Seriously, of all instruments, things like vocals are one of the most
heartbreaking to work on and learn. Born male and want to sound like a female
singer? You’ll never be able to do that. Same applies for women who wish they
had male singing voices. It simply isn’t possible (with the rare exception, I
guess).

Or maybe you just don’t like your voices timbre. You can take lessons for
years and learn to sing on pitch, and you can alter your vocal tone, but you
can’t control every aspect that gives your voice it’s unique sound.

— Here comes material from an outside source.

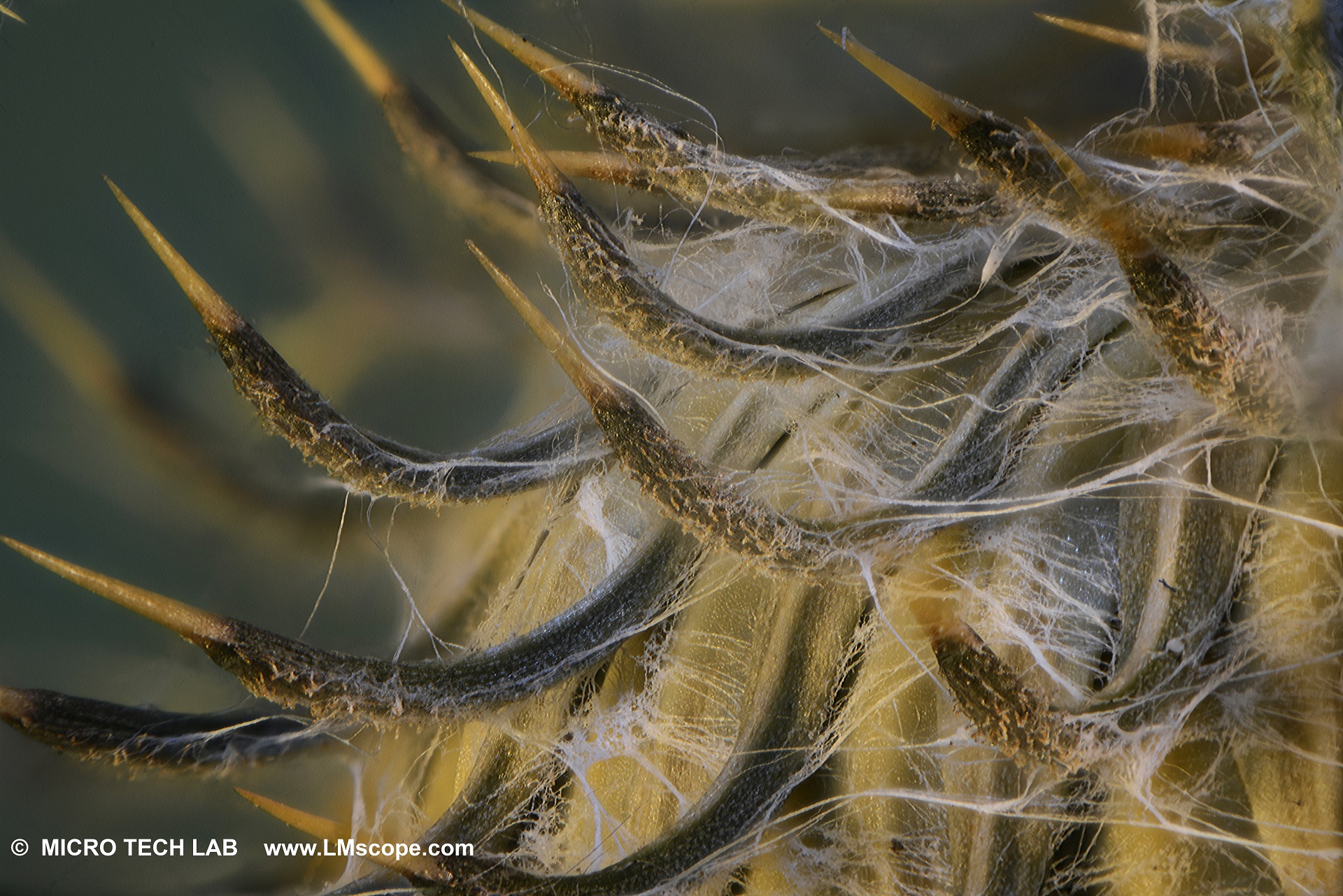 +43-664-7926425 ( Mo - Fr 10:00 - 16:00 )498 Gebogene Stacheln einer KletteLM Makroskop, Vollformatkamera

I guess sometimes you just have to be happy with what you have.

------
samstave
A fun thing to do with this would be to slurp the lyrics from one song - the
beats from another, some other stream from another and remix the “threads”
together into something new.

Basically a giant equalizer that allows you to dim or brighten each channel
from multiple sources.

------
smrtinsert
This project I've found to be very useful if you want access to something that
like what the article describes.
[http://isse.sourceforge.net](http://isse.sourceforge.net)

------
canada_dry
I'd like to try using this kinda thing to build an automated beat saber map.
The ability to orchestrate the beats very specifically would make for
excellent mappings.

Alas so many projects, too little time!

------
dharma1
Sounds pretty good but exhibits the same artifacts/phasing that I've heard
with other source separation. Good for forensics etc but I wouldn't use this
for music production

------
jtbayly
There was a similar demo (I think from Google) here on HN sometime last year
that was far more impressive. I can't seem to find it though. Anybody know
what it was?

------
exabrial
Are there any hearing aid manufacturers taking this approach? Quite
incredible.